Raja-raja di Bali tidak menghiraukan ultimatum Belanda itu. Rakyat justru dipersiapkan untuk melawan kekejaman Belanda. Raja Buleleng kemudian
mengirim kurir untuk meminta bantuan pasukan dari kerajaan-kerajaan lain di Bali, sehingga datang pasukan tambahan dari Klungkung, Karangasem,
Mengwi. Belanda mengetahui bahwa Raja Buleleng membangkang dan Patih Ktut Jelantik terus memperkuat pasukannya.
Menghadapi hal tersebut Belanda terus meningkatkan kekuatannya. Pada tanggal 7 dan 8 Juni 1848, telah mendarat bala bantuan Belanda di Pantai
Sangsit. Tanggal 8 Juni serangan Belanda terhadap benteng Jagaraga dimulai. Sebagai pemimpin tentara Belanda antara lain: J. van Swieten,
Letkol Sutherland Benteng Jagaraga terus dihujani meriam. Namun pasukan Buleleng di bawah pimpinan Ktut Jelantik yang dibantu isterinya, Jero
Jempiring mampu mengembangkan pertahanan dengan
gelar-supit urang sehingga dapat menjebak pasukan Belanda. Lima orang opsir dan 74 orang
serdadu dapat ditewaskan ditambah lagi tujuh opsir dan 98 serdadu Belanda luka-luka. Pasukan Belanda terpaksa ditarik mundur.

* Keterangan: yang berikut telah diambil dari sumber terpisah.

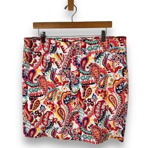 Talbots Skirt Multicolor Paisley Twill Red Orange Size 16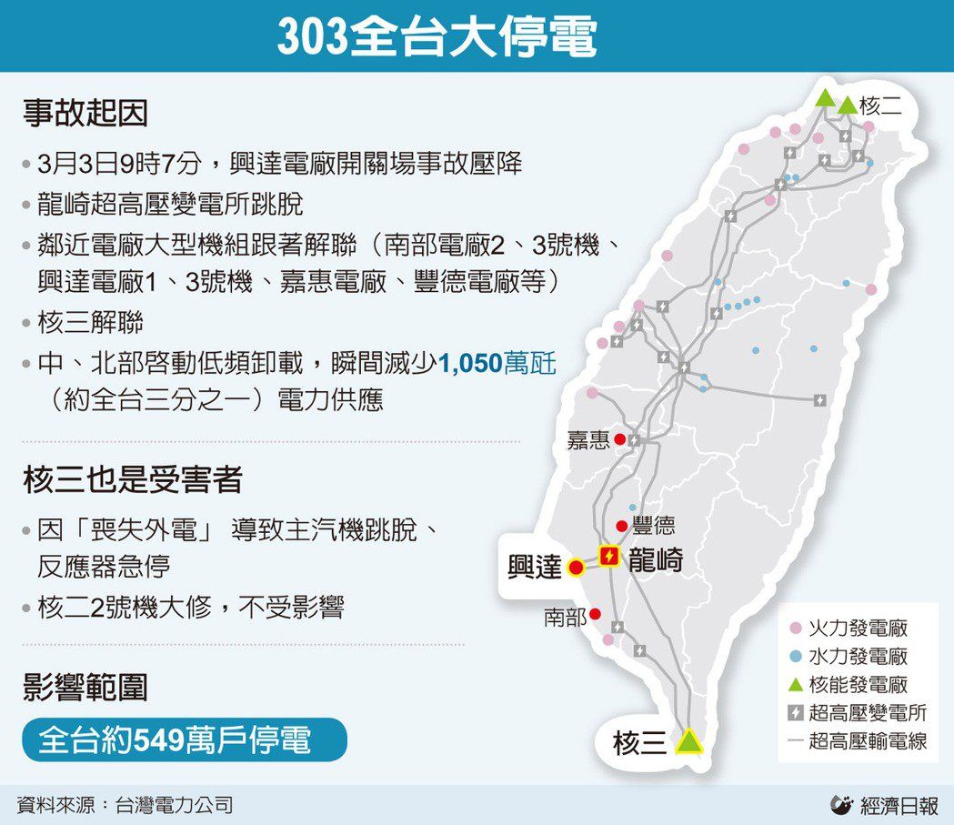 台電興達電廠昨(3)日上午9時7分突然發生開關場事故,供電瞬間壓降,導致電網減少三分之一供電能力,引發全台無預警大停電,半導體、光電、蘋果供應鏈、石化、鋼鐵等產業嚴重受創,估計損失恐高達上百億元;台電統計,至少549萬戶受停電影響。

Kekalahan Belanda itu cukup menyakitkan perasaan pimpinan Belanda di Batavia. Oleh karena itu, dipersiapkan pasukan yang lebih kuat untuk
melakukan pembalasan. Awal April 1849 telah datang kesatuan serdadu Belanda dalam jumlah besar menuju ke Jagaraga. Pada tanggal 15 April 1849
semua kekuatan Belanda dikerahkan untuk menyerang Jagaraga. Dalam tempo dua hari, yakni tanggal 16 April sore hari semua kekuatan di Jagaraga
dapat dilumpuhkan oleh Belanda. Runtuhlah Benteng Jagaraga sebagai pertanda lenyapnya kedaulatan rakyat Buleleng. Raja Buleleng diikuti I Gusti
Ktut Jelantik dan Jero Jempiring menyingkir ke Karangasem. Tetapi mereka tertangkap dan terbunuh dalam upaya untuk mempertahankan diri.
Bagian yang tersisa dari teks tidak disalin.